### Exercise prompt
Below is a listing; repeat exactly the lines from the one containing "県内市町村社協や関係機関から" to the one containing "Funkcjonariusze KaOSG ochraniają", both included.

### Records provided
________

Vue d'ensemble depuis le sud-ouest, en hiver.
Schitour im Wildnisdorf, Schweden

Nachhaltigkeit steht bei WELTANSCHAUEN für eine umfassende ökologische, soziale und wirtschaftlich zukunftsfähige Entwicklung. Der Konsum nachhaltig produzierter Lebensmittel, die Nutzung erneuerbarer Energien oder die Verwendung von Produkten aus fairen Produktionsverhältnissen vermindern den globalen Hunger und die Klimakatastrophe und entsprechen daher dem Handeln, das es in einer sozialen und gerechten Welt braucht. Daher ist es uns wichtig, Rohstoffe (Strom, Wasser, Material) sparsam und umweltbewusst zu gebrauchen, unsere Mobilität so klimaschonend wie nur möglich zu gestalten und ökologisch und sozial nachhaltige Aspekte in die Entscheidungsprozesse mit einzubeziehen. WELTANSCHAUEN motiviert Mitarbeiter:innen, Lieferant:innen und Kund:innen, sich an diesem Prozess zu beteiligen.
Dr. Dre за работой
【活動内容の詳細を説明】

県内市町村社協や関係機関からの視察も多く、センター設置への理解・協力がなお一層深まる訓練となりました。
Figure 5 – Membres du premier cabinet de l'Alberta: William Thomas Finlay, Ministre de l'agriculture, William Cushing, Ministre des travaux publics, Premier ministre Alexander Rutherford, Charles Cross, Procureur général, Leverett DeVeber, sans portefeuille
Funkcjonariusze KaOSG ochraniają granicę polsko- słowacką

________

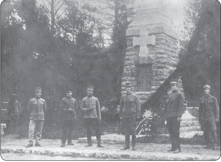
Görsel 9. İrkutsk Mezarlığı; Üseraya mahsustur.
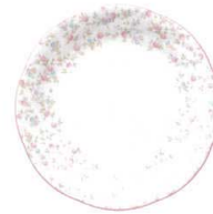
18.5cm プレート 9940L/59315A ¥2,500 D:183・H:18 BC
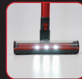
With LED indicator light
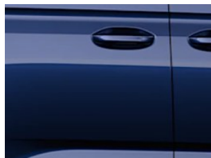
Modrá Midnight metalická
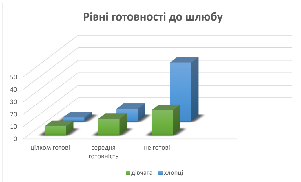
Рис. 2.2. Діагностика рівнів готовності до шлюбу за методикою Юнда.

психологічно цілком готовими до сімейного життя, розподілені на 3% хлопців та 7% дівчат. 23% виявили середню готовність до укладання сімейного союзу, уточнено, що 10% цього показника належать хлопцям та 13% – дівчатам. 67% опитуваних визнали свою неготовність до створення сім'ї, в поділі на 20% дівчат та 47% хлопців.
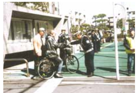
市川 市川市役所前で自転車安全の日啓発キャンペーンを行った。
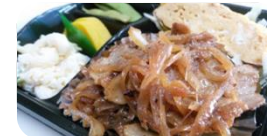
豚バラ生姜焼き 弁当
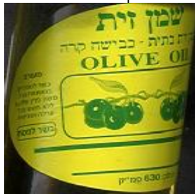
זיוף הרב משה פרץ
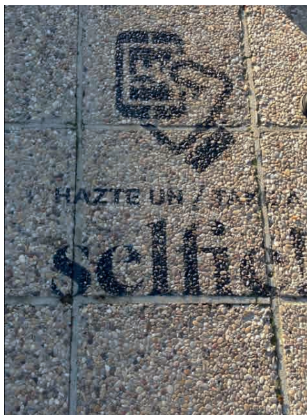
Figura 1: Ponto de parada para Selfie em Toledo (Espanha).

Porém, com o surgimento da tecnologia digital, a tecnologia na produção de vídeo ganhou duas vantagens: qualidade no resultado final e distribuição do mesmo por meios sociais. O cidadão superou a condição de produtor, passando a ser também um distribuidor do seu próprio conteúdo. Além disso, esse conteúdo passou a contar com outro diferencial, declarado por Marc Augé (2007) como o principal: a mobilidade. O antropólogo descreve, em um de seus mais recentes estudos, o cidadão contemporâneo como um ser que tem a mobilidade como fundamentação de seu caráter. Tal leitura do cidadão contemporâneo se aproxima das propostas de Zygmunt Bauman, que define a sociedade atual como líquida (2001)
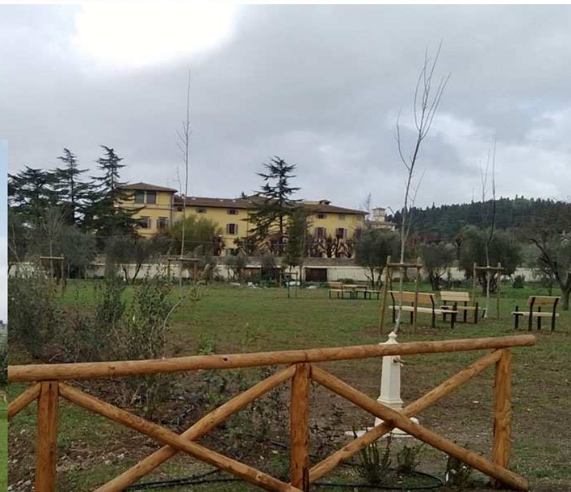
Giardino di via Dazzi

________

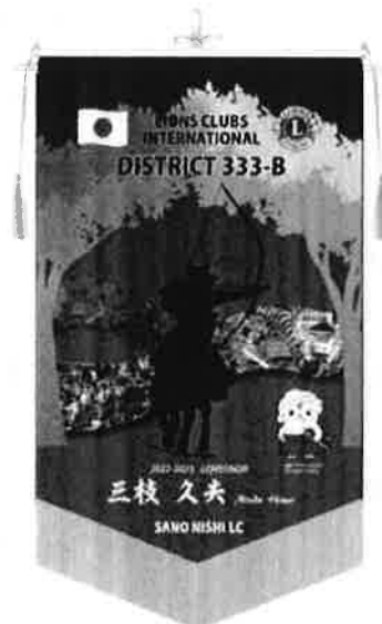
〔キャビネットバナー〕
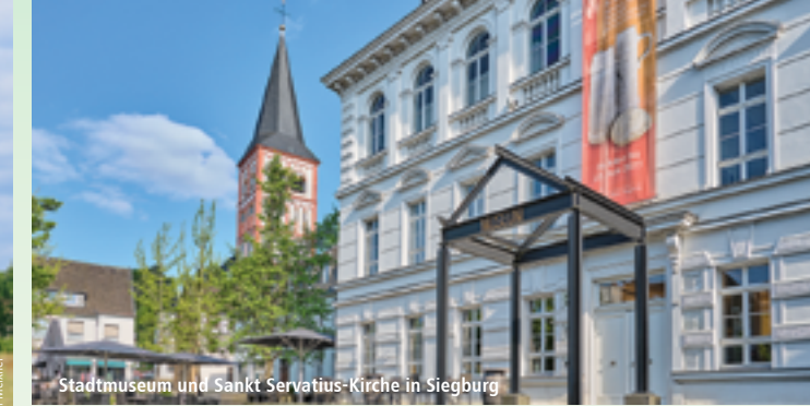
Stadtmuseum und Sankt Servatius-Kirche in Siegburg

________

### Problem solution
県内市町村社協や関係機関からの視察も多く、センター設置への理解・協力がなお一層深まる訓練となりました。
Figure 5 – Membres du premier cabinet de l'Alberta: William Thomas Finlay, Ministre de l'agriculture, William Cushing, Ministre des travaux publics, Premier ministre Alexander Rutherford, Charles Cross, Procureur général, Leverett DeVeber, sans portefeuille
Funkcjonariusze KaOSG ochraniają granicę polsko- słowacką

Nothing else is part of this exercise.